Het leven van Jozef 17/28
15 En die mannen namen datzelve geschenk en namen dubbel geld in hun hand, en Benjamin; en zij maakten zich op en togen af naar Egypte en zij stonden voor Jozefs aangezicht.
16 Als Jozef Benjamin met hen zag, zo zeide hij tot dengene die over zijn huis was: Breng deze mannen naar het huis toe, en slacht slachtvee en maak het gereed; want deze mannen zullen dezen middag met mij eten.
17 De man nu deed gelijk Jozef gezegd had; en de man bracht deze mannen ten huize van Jozef.
18 Toen vreesden deze mannen, omdat zij ten huize van Jozef gebracht werden, en zeiden: Ter oorzake van het geld dat in het begin in onze zakken wedergekeerd is, worden wij ingebracht, opdat hij ons overrompele en ons overvalle, en ons tot slaven neme met onze ezels.
19 Daarom naderden zij tot dien man die over Jozefs huis was, en zij spraken tot hem aan de deur van het huis.
20 En zij zeiden: Och, mijn heer, wij waren in het begin gewisselijk afgekomen om spijze te kopen.
21 Het is nu geschied als wij in de herberg gekomen waren en wij onze zakken opendeden, zie, zo was ieders mans geld in den mond van zijn zak, ons geld in zijn gewicht; en wij hebben hetzelve wedergebracht in onze hand.
22 Wij hebben ook ander geld in onze hand afgebracht om spijze te kopen; wij weten niet wie ons geld in onze zakken gelegd heeft.
23 En hij zeide: Vrede zij ulieden, vreest niet. Uw God en uws vaders God heeft u een schat in uw zakken gegeven; uw geld is tot mij gekomen. En hij bracht Simeon tot hen uit.
24 Daarna bracht de man deze mannen in Jozefs huis, en hij gaf water en zij wiesen hun voeten; hij gaf ook hun ezels voeder.
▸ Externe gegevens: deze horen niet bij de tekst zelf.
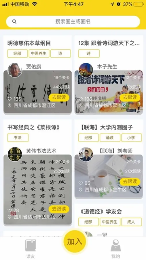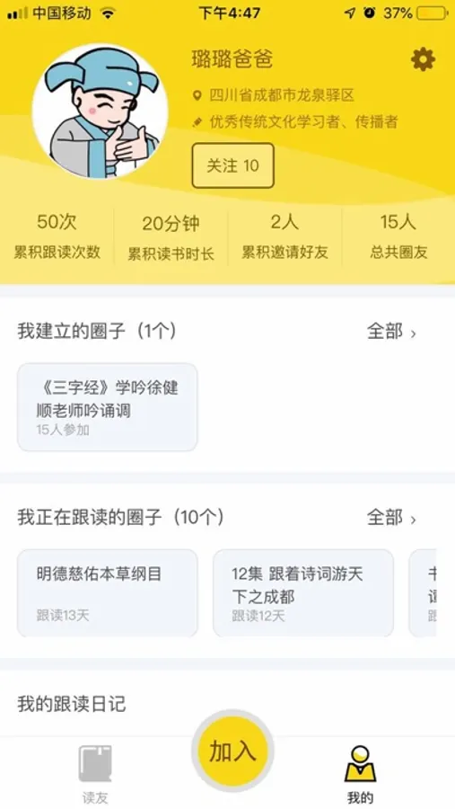 联海诵读是国学经典诵读为主的读书工具软件,通过个人或者机构建圈,邀请身边用户参与跟读、还具有打卡、评分、教学以及国学相关活动发布等功能,通过国学经典诵读构建起来的少儿童蒙国学教育精准化定制化教育平台。
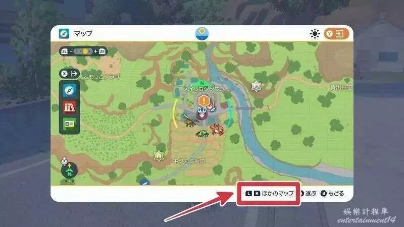 按Y打開地圖,然後按L/R即可返回帕底亞地區。初次前往北上鄉後,即可隨時從地圖上切換帕底亞地區和北上鄉。

25 En zij bereidden het geschenk totdat Jozef kwam op den middag; want zij hadden gehoord, dat zij aldaar brood eten zouden.
26 Als nu Jozef te huis gekomen was, zo brachten zij hem het geschenk hetwelk in hun hand was, in het huis; en zij bogen zich voor hem ter aarde.
27 En hij vraagde hun naar hun welstand en zeide: Is het wel met uw vader, den oude, waarvan gij zeidet? Leeft hij nog?
28 En zij zeiden: Het is wel met uw knecht, onzen vader, hij leeft nog; en zij neigden het hoofd en bogen zich neder.
29 En hij hief zijn ogen op en zag Benjamin, zijn broeder, den zoon zijner moeder, en zeide: Is dit uw kleinste broeder, waarvan gij tot mij zeidet? Daarna zeide hij: Mijn zoon, God zij u genadig.
30 En Jozef haastte zich; want zijn ingewand ontstak jegens zijn broeder en hij zocht te wenen; en hij ging in een kamer en weende aldaar.
31 Daarna wies hij zijn aangezicht en kwam uit; en hij bedwong zichzelven en zeide: Zet brood op.
32 En zij richtten voor hem aan in het bijzonder en voor hen in het bijzonder, en voor de Egyptenaars die met hem aten, in het bijzonder; want de Egyptenaars mogen geen brood eten met de Hebreeën, dewijl zulks den Egyptenaars een gruwel is.
33 En zij zaten voor zijn aangezicht, de eerstgeborene naar zijn eerstgeboorte en de jongere naar zijn jonkheid; dies verwonderden zich de mannen onder elkander.
34 En hij langde hun van de gerechten die vóór hem waren; maar Benjamins gerecht was vijfmaal groter dan de gerechten van hen allen. En zij dronken en zij werden dronken met hem.